EXERCISE AIM
Beginning with the line that contains "ºÎõ ÁßÈï°íµîÇб³(±³Àå ½Å¿ëö)¿¡¼­´Â", retype the entries below exactly, ending with the line that contains "For example, we". Leave out any pictures.

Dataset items
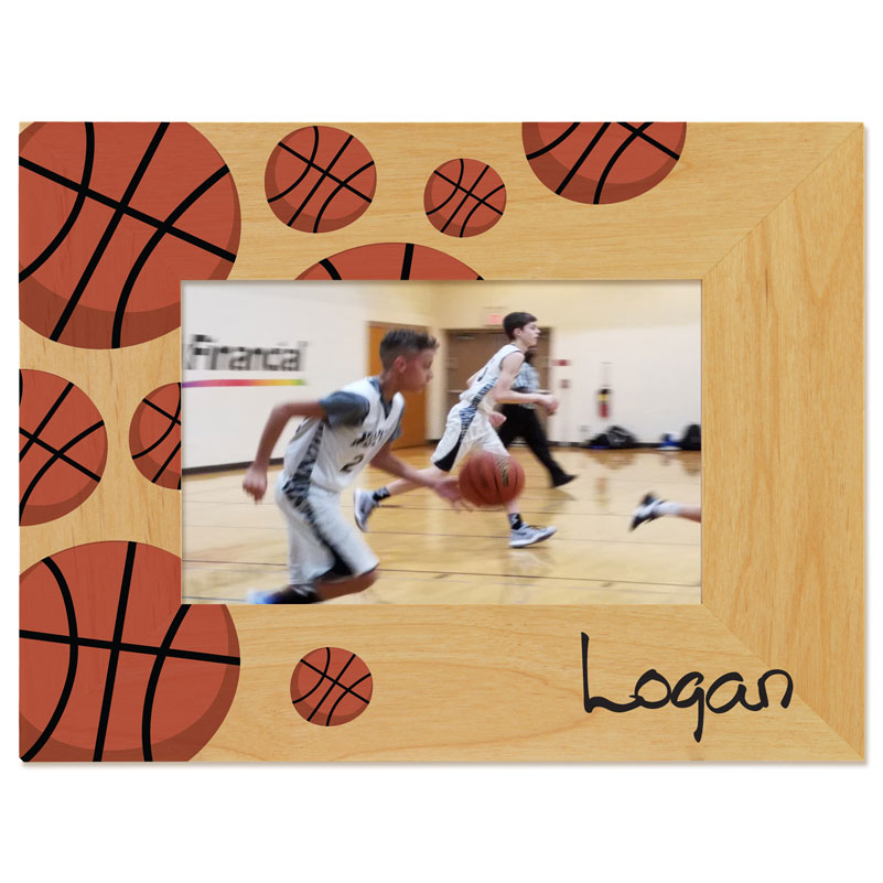 The Basketball Print Picture Frame features our basketball print artwork and your name precision-printed on our beautiful Alderwood material. Displays a 4" x 6" photograph. The end result...a gorgeous multi-color frame and raised personalization.
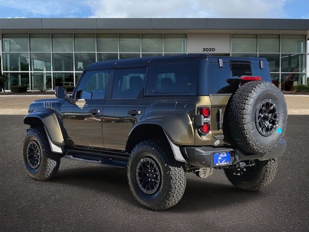 Shelter Green Metallic 2025 Ford Bronco Raptor 4WD 10-Speed Automatic 3.0L EcoBoost V6 12 Speakers, 4-Wheel Disc Brakes, ABS brakes, Air Conditioning, Alloy wheels, AM/FM radio: SiriusXM with 360L, Auto High-beam Headlights, Auto-dimming Rear-View mirror, Automatic temperature control, Brake assist, Compass, Connected Navigation, Convertible HardTop, Convertible roof lining, Delay-off headlights, Driver door bin, Driver vanity mirror, Dual front impact airbags, Dual front side impact airbags, Electronic Stability Control, Emergency communication system: 911 Assist, Exterior Parking Camera Rear, Front anti-roll bar, Front Bucket Seats, Front Center Armrest, Front dual zone A/C, Front fog lights, Front reading lights, Front wheel independent suspension, Fully automatic headlights, Garage door transmitter, Glass rear window, Heated door mirrors, Heated front seats, Heated steering wheel, Illuminated entry, Integrated roll-over protection, Leather Shift Knob, Low tire pressure warning, Marine Grade Vinyl Bucket Seats, Navigation system: Connected Navigation, Occupant sensing airbag, Outside temperature display, Overhead airbag, Overhead console, Panic alarm, Passenger door bin, Passenger vanity mirror, Power door mirrors, Power steering, Power windows, Radio data system, Radio: B&O Sound System by Bang & Olufsen, Rear anti-roll bar, Rear seat center armrest, Rear window defroster, Rear window wiper, Remote keyless entry, Security system, SiriusXM w/360L, Speed control, Split folding rear seat, Steering wheel mounted audio controls, SYNC 4, Tachometer, Telescoping steering wheel, Tilt steering wheel, Traction control, Trip computer, Turn signal indicator mirrors, Variably intermittent wipers, Voltmeter, and Wheels: 17" Black High Gloss-Painted Aluminum.
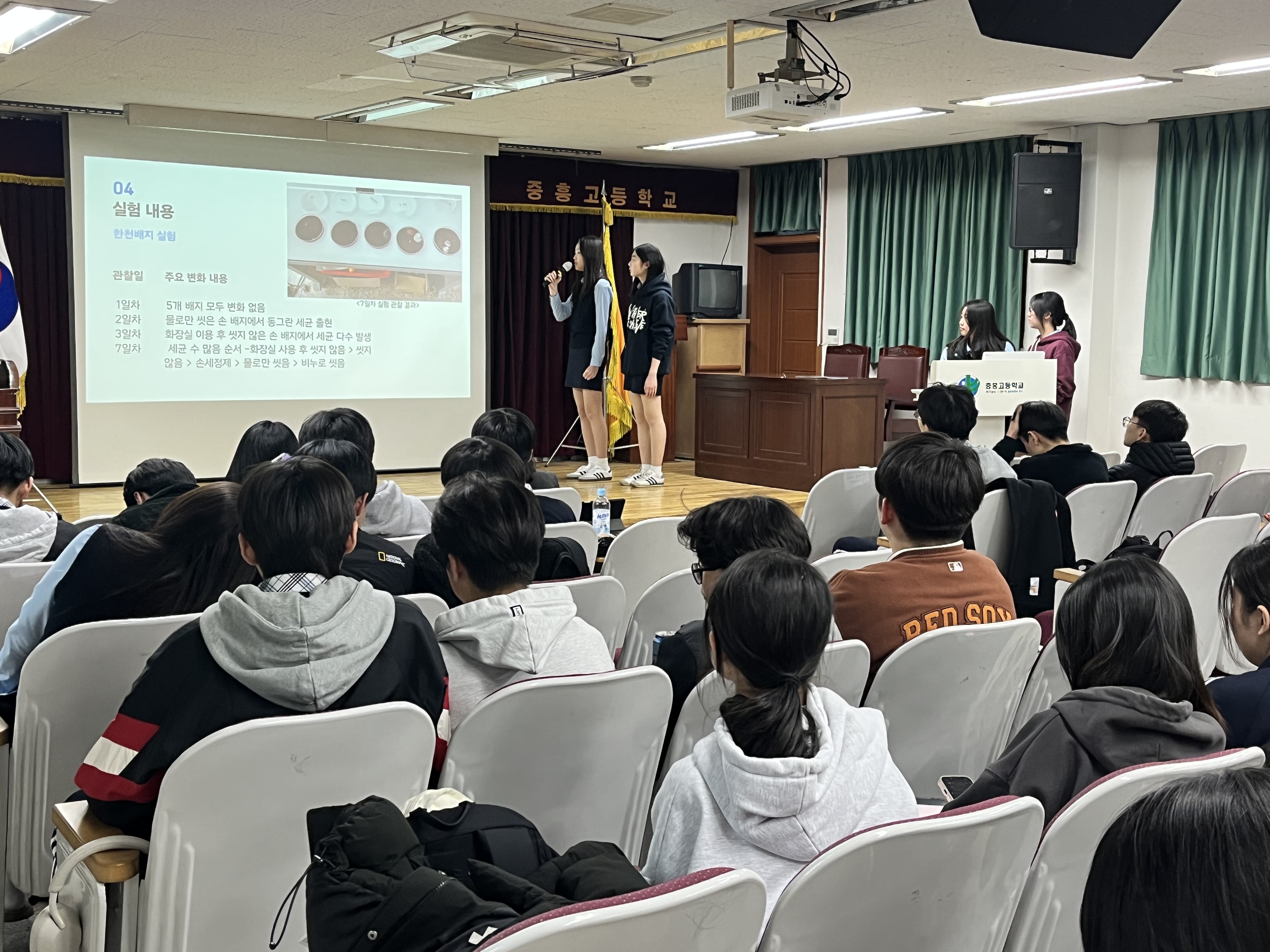 ºÎõ ÁßÈï°íµîÇб³(±³Àå ½Å¿ëö)¿¡¼­´Â ÇлýµéÀÌ 1³â°£ ÁøÇàÇÑ Å½±¸ Ȱµ¿ÀÇ °á°ú¸¦ °øÀ¯ÇÏ´Â ¡®Áø·Îޱ¸ ÇÁ·ÎÁ§Æ® ¹ßǥȸ¡¯°¡ Áö³­ 4ÀÏ ¿­·È´Ù. À̹ø Çà»ç´Â ÇлýµéÀÌ °¢ÀÚÀÇ Áø·Î ºÐ¾ß¿¡ ´ëÇØ ޱ¸ÇÏ°í ¿¬±¸ÇÑ °á°ú¸¦ º¸°í¼­¿Í ¹ßÇ¥·Î ¼±º¸ÀÌ´Â ÀÚ¸®·Î, ÃÑ 18°³ ÆÀÀÌ Âü°¡ÇØ ¿­Á¤°ú âÀÇ·ÂÀ» »Ë³Â´Ù.
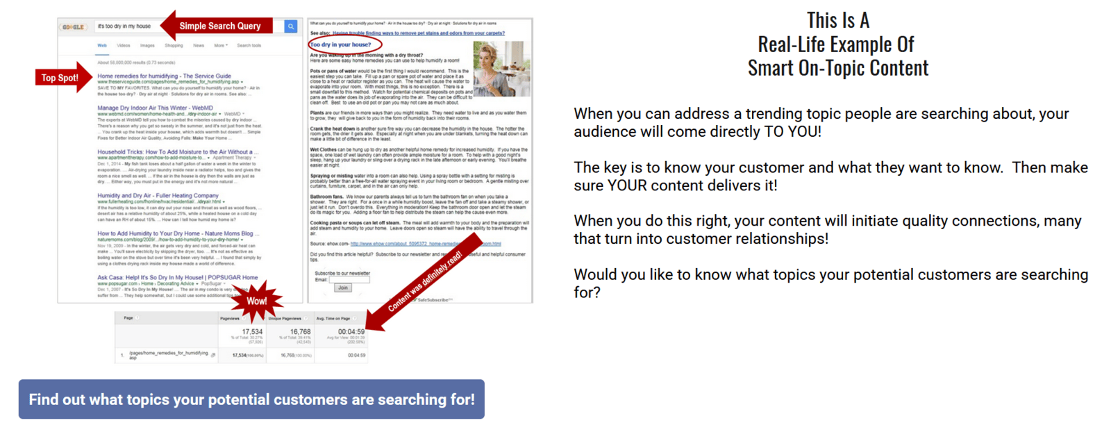 For example, we watch analytics, plus we review heat maps of your content page(s) to see exactly where visitors are spending their time.
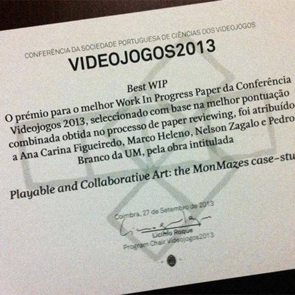 Best Videojogos 2013 ‘Work in Progress Paper’ for “Playable and Collaborative Art: the MonMazes case-study”. Figueiredo, A.C., Heleno, M., Branco, P., Zagalo, N. (2013) Playable and Collaborative…
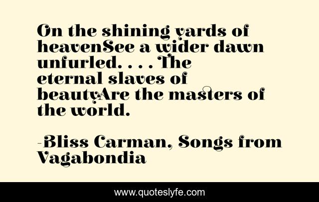 This page presents the quote "On the shining yards of heavenSee a wider dawn unfurled. . . . The eternal slaves of beautyAre the masters of the world.". Author of this quote is Bliss Carman, Songs from Vagabondia. This quote is about poetry, beauty,.
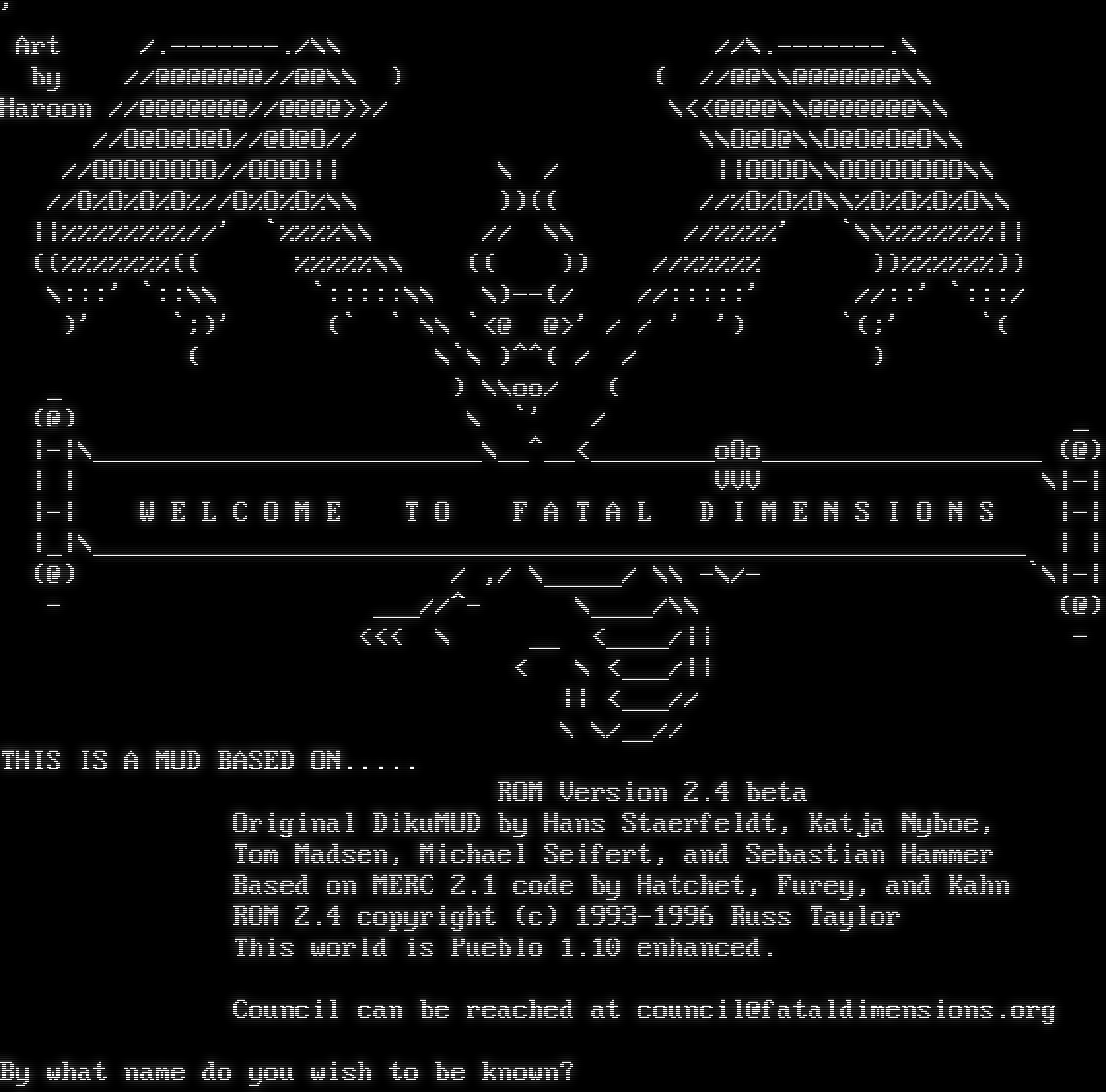 ' Art /.​-------./\\\\ //\\.​-------.\\ by //@@@@@@@//@@\\\\ ) ( //@@\\\\@@@@@@@\\\\ Haroon //@@@@@@@//@@@@>>/ \\<<@@@@\\\\@@@@@@@\\\\ //O@O@O@O//@O@O// \\\\O@O@\\\\O@O@O@O\\\\ //OOOOOOOO//OOOO\|\| \\ / \|\|OOOO\\\\OOOOOOOO\\\\ //O%O%O%O%//O%O%O%\\\\ ))(( //%O%O%O\\\\%O%O%O%O\\\\ \|\|%%%%%%%%//' \`%%%%\\\\ // \\\\ //%%%%' \`\\\\%%%%%%%\|\| ((%%%%%%%(( %%%%%\\\\ (( )) //%%%%% ))%%%%%%)) \\:::' \`::\\\\ \`:::::\\\\ \\)--(/ //:::::' //::' \`:::/ )' \`;)' (\` \` \\\\ \`<@ @>' / / ' ') \`(;' \`( ( \\\`\\ )^^( / / ) _ ) \\\\oo/ ( (@) \\ \`' / _ \|-\|\\_​________________________\\_​_^__<_​_______oOo_​_________________ (@) \| \| VVV \\\|-\| \|-\| W E L C O M E T O F A T A L D I M E N S I O N S \|-\| \|_\|\\_​___________________________________________________________ \| \| (@) / ,/ \\_​____/ \\\\ -\\/- \`\\\|-\| - ___//^- \\_​___/\\\\ (@) <<< \\ __ <_​___/\|\| - < \\ <___/\|\| \|\| <___// \\ \\/__// THIS IS A MUD BASED ON.​.... ROM Version 2.4 beta Original DikuMUD by Hans Staerfeldt, Katja Nyboe, Tom Madsen, Michael Seifert, and Sebastian Hammer Based on MERC 2.1 code by Hatchet, Furey, and Kahn ROM 2.4 copyright (c) 1993-1996 Russ Taylor This world is Pueblo 1.10 enhanced. Council can be reached at council@fataldimensions.org By what name do you wish to be known?
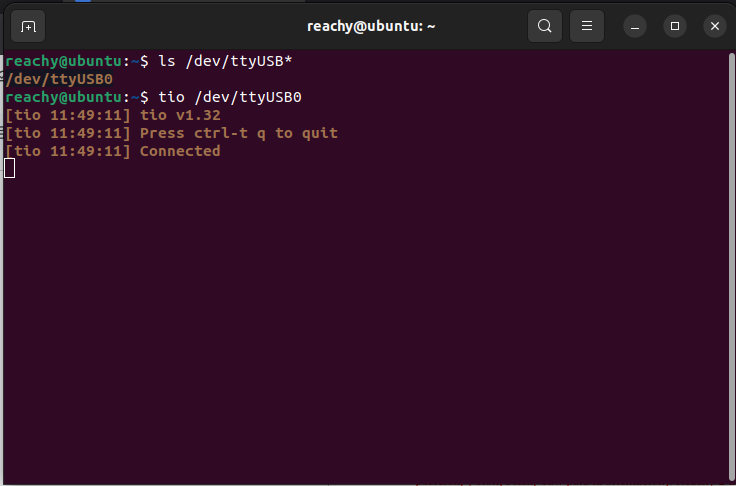 tio Command & Console: I have attached the screenshot of the console when executing tio /dev/ttyUSB0. Even after pressing ‘Enter’ multiple times and trying to type, the terminal just hangs and remains completely unresponsive.
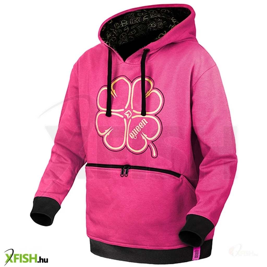 Egy stílusos, eredeti dizájnnal rendelkező kapucnis pulóver; a QUEEN 4Love pulcsiban minden női horgász kényelmesen érezheti magát. Merész rózsaszín színű, fekete elemekkel és sárga nyomattal, hogy mindenhol megforduljanak Ön után.
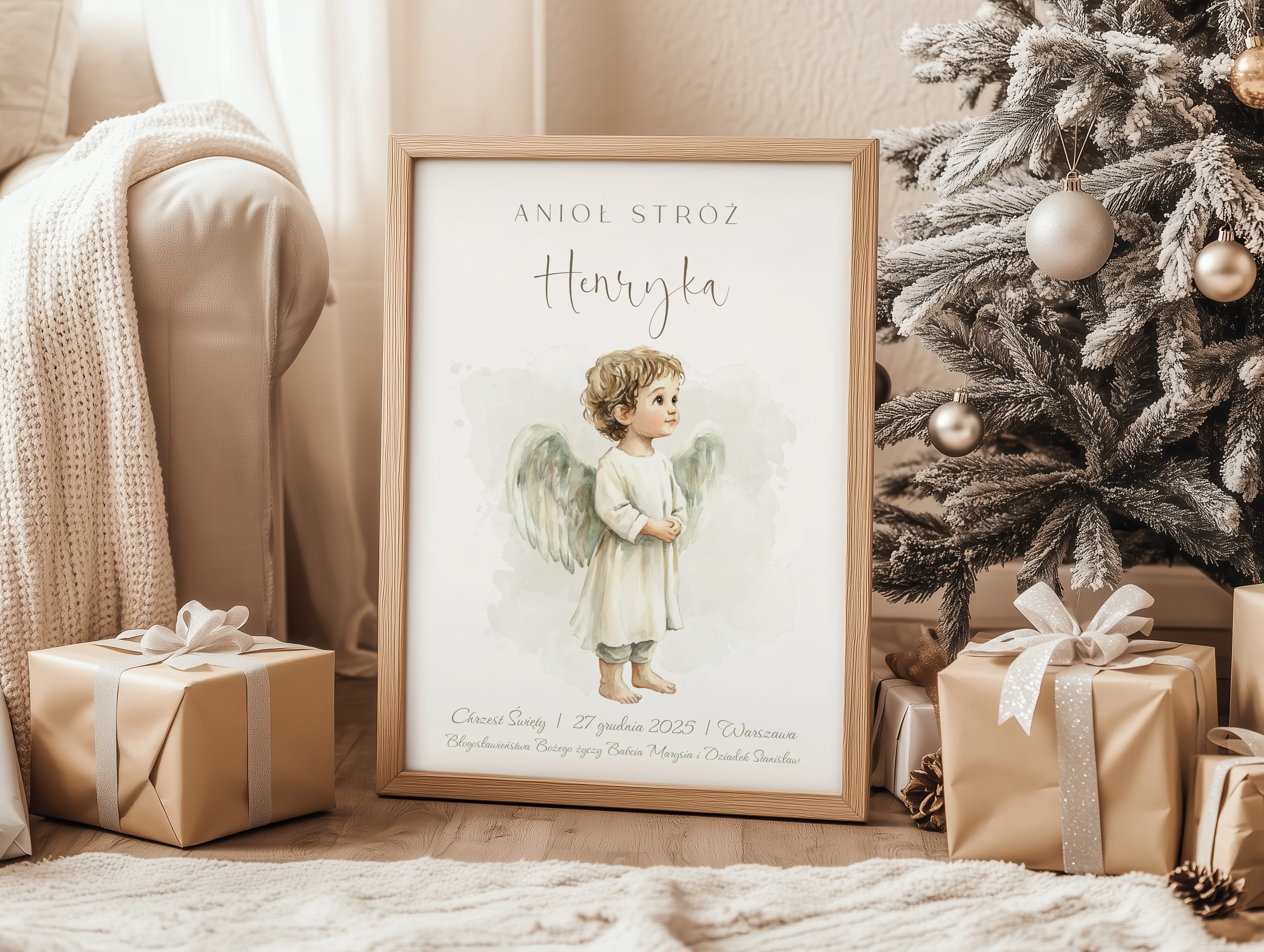 Personalizowany plakat Anioł Stróż pamiątka Chrztu Świętego

WRITTEN ANSWER
 ºÎõ ÁßÈï°íµîÇб³(±³Àå ½Å¿ëö)¿¡¼­´Â ÇлýµéÀÌ 1³â°£ ÁøÇàÇÑ Å½±¸ Ȱµ¿ÀÇ °á°ú¸¦ °øÀ¯ÇÏ´Â ¡®Áø·Îޱ¸ ÇÁ·ÎÁ§Æ® ¹ßǥȸ¡¯°¡ Áö³­ 4ÀÏ ¿­·È´Ù. À̹ø Çà»ç´Â ÇлýµéÀÌ °¢ÀÚÀÇ Áø·Î ºÐ¾ß¿¡ ´ëÇØ ޱ¸ÇÏ°í ¿¬±¸ÇÑ °á°ú¸¦ º¸°í¼­¿Í ¹ßÇ¥·Î ¼±º¸ÀÌ´Â ÀÚ¸®·Î, ÃÑ 18°³ ÆÀÀÌ Âü°¡ÇØ ¿­Á¤°ú âÀÇ·ÂÀ» »Ë³Â´Ù.
 For example, we watch analytics, plus we review heat maps of your content page(s) to see exactly where visitors are spending their time.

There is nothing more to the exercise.